Supplied material:
-- Opening Marker --
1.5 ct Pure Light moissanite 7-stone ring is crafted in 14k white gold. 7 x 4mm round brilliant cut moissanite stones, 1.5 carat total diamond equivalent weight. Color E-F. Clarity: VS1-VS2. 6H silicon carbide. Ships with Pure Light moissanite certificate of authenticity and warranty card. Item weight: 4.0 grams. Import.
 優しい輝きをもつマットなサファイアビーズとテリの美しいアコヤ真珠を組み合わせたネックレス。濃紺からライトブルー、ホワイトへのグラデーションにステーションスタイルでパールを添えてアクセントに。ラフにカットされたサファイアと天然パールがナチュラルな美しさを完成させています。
-- Closing Marker --
-- Opening Marker --
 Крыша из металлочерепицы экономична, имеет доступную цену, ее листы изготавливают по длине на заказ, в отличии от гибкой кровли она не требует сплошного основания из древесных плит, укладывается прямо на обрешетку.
-- Closing Marker --
Reproduce word for word the material above, beginning with the line that contains "1.5 ct Pure" and ending with the line that contains "優しい輝きをもつマットなサフ".

1.5 ct Pure Light moissanite 7-stone ring is crafted in 14k white gold. 7 x 4mm round brilliant cut moissanite stones, 1.5 carat total diamond equivalent weight. Color E-F. Clarity: VS1-VS2. 6H silicon carbide. Ships with Pure Light moissanite certificate of authenticity and warranty card. Item weight: 4.0 grams. Import.
 優しい輝きをもつマットなサファイアビーズとテリの美しいアコヤ真珠を組み合わせたネックレス。濃紺からライトブルー、ホワイトへのグラデーションにステーションスタイルでパールを添えてアクセントに。ラフにカットされたサファイアと天然パールがナチュラルな美しさを完成させています。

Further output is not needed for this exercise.